START Exercise materials

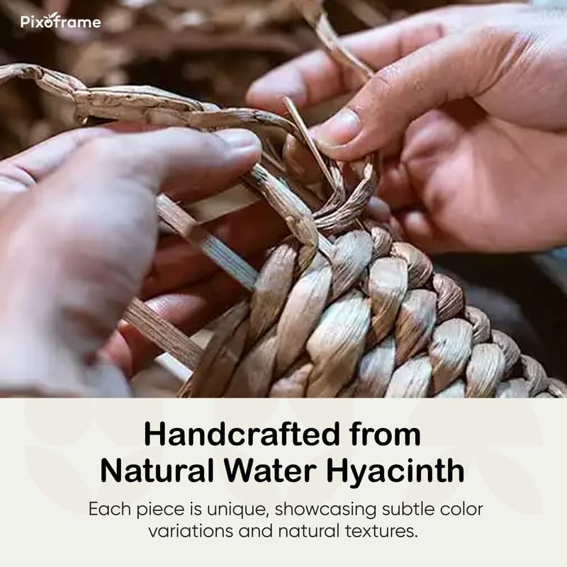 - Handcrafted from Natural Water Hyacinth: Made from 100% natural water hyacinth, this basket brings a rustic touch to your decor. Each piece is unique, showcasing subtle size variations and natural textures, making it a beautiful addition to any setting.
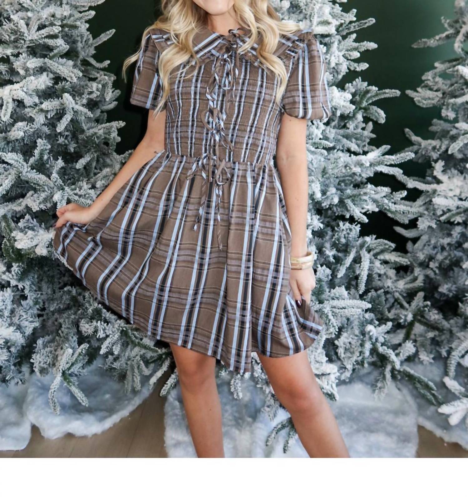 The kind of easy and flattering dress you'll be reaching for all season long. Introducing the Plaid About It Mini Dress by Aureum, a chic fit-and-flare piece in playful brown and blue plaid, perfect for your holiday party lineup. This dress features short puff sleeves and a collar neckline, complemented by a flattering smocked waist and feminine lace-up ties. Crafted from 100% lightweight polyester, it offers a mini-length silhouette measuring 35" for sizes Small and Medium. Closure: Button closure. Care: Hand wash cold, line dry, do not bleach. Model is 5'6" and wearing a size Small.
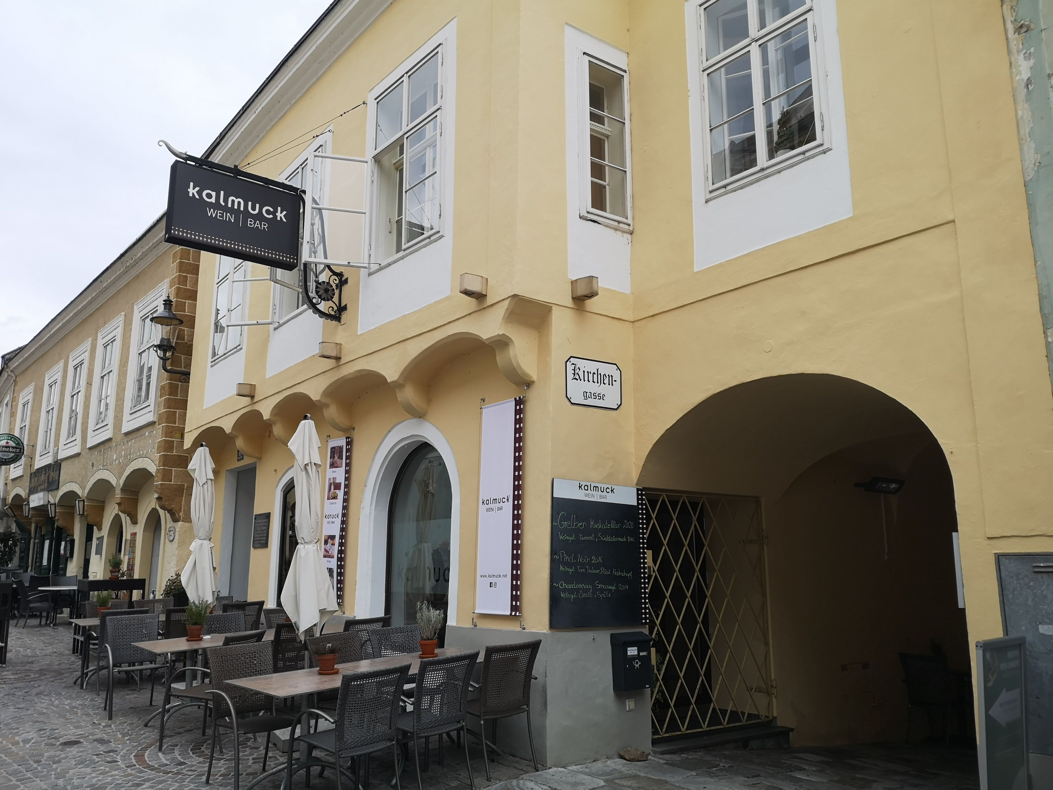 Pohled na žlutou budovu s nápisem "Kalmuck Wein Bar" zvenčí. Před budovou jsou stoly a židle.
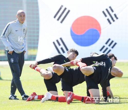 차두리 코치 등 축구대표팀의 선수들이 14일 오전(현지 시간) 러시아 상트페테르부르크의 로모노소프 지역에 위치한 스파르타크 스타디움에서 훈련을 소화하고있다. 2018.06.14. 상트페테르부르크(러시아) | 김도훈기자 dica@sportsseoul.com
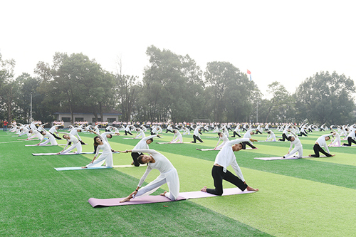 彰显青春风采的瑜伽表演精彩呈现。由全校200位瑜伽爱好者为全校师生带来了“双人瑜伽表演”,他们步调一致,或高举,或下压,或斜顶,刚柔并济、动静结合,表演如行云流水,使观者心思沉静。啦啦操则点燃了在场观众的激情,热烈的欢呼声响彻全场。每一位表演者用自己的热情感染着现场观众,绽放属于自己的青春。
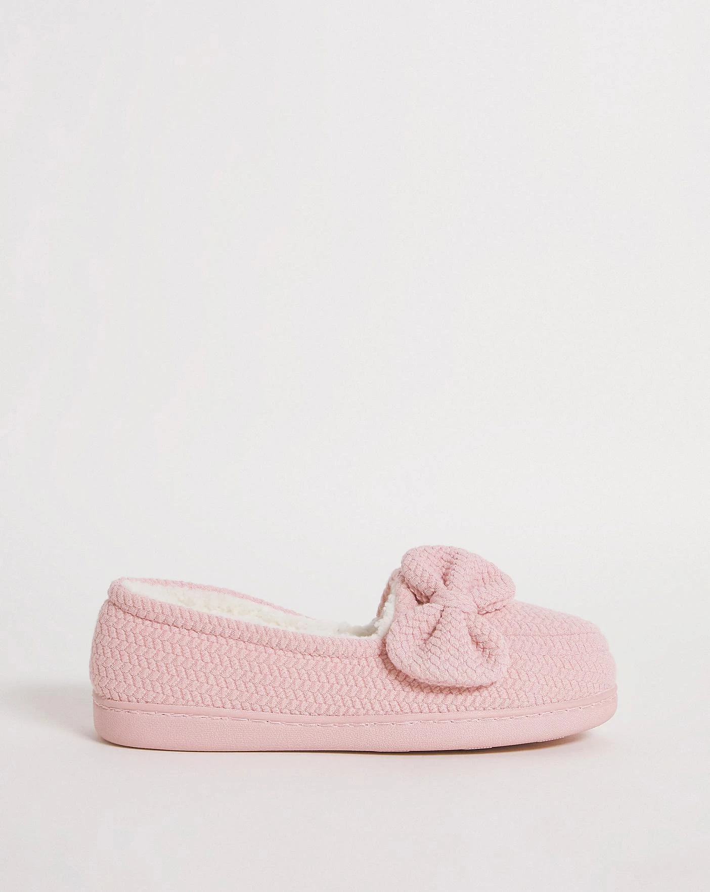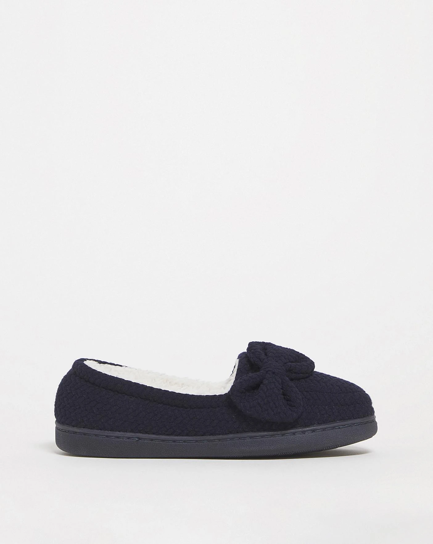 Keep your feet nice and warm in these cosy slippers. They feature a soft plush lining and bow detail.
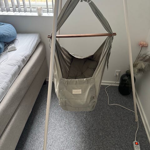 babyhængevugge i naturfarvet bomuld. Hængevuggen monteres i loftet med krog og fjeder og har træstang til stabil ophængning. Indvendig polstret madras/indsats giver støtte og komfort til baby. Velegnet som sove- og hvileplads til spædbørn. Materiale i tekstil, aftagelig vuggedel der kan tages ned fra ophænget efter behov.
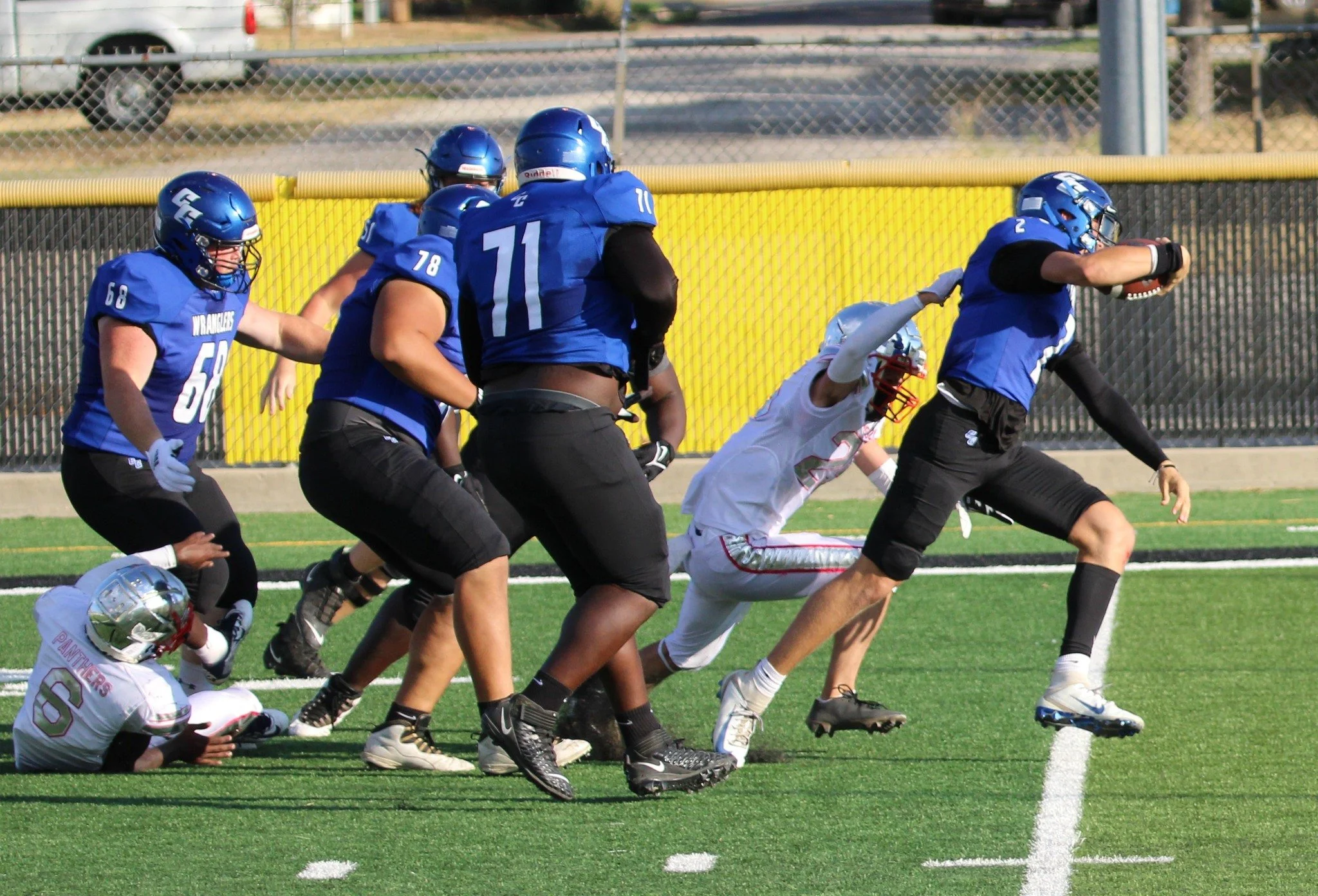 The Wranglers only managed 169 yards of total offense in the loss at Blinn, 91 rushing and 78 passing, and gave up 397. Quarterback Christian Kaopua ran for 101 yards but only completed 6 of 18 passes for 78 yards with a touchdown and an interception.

END Exercise materials

Task item: All of the material above is to be retyped verbatim, with its pictures omitted.

Response to this exercise:
 - Handcrafted from Natural Water Hyacinth: Made from 100% natural water hyacinth, this basket brings a rustic touch to your decor. Each piece is unique, showcasing subtle size variations and natural textures, making it a beautiful addition to any setting.
 The kind of easy and flattering dress you'll be reaching for all season long. Introducing the Plaid About It Mini Dress by Aureum, a chic fit-and-flare piece in playful brown and blue plaid, perfect for your holiday party lineup. This dress features short puff sleeves and a collar neckline, complemented by a flattering smocked waist and feminine lace-up ties. Crafted from 100% lightweight polyester, it offers a mini-length silhouette measuring 35" for sizes Small and Medium. Closure: Button closure. Care: Hand wash cold, line dry, do not bleach. Model is 5'6" and wearing a size Small.
 Pohled na žlutou budovu s nápisem "Kalmuck Wein Bar" zvenčí. Před budovou jsou stoly a židle.
 차두리 코치 등 축구대표팀의 선수들이 14일 오전(현지 시간) 러시아 상트페테르부르크의 로모노소프 지역에 위치한 스파르타크 스타디움에서 훈련을 소화하고있다. 2018.06.14. 상트페테르부르크(러시아) | 김도훈기자 dica@sportsseoul.com
 彰显青春风采的瑜伽表演精彩呈现。由全校200位瑜伽爱好者为全校师生带来了“双人瑜伽表演”,他们步调一致,或高举,或下压,或斜顶,刚柔并济、动静结合,表演如行云流水,使观者心思沉静。啦啦操则点燃了在场观众的激情,热烈的欢呼声响彻全场。每一位表演者用自己的热情感染着现场观众,绽放属于自己的青春。
 Keep your feet nice and warm in these cosy slippers. They feature a soft plush lining and bow detail.
 babyhængevugge i naturfarvet bomuld. Hængevuggen monteres i loftet med krog og fjeder og har træstang til stabil ophængning. Indvendig polstret madras/indsats giver støtte og komfort til baby. Velegnet som sove- og hvileplads til spædbørn. Materiale i tekstil, aftagelig vuggedel der kan tages ned fra ophænget efter behov.
 The Wranglers only managed 169 yards of total offense in the loss at Blinn, 91 rushing and 78 passing, and gave up 397. Quarterback Christian Kaopua ran for 101 yards but only completed 6 of 18 passes for 78 yards with a touchdown and an interception.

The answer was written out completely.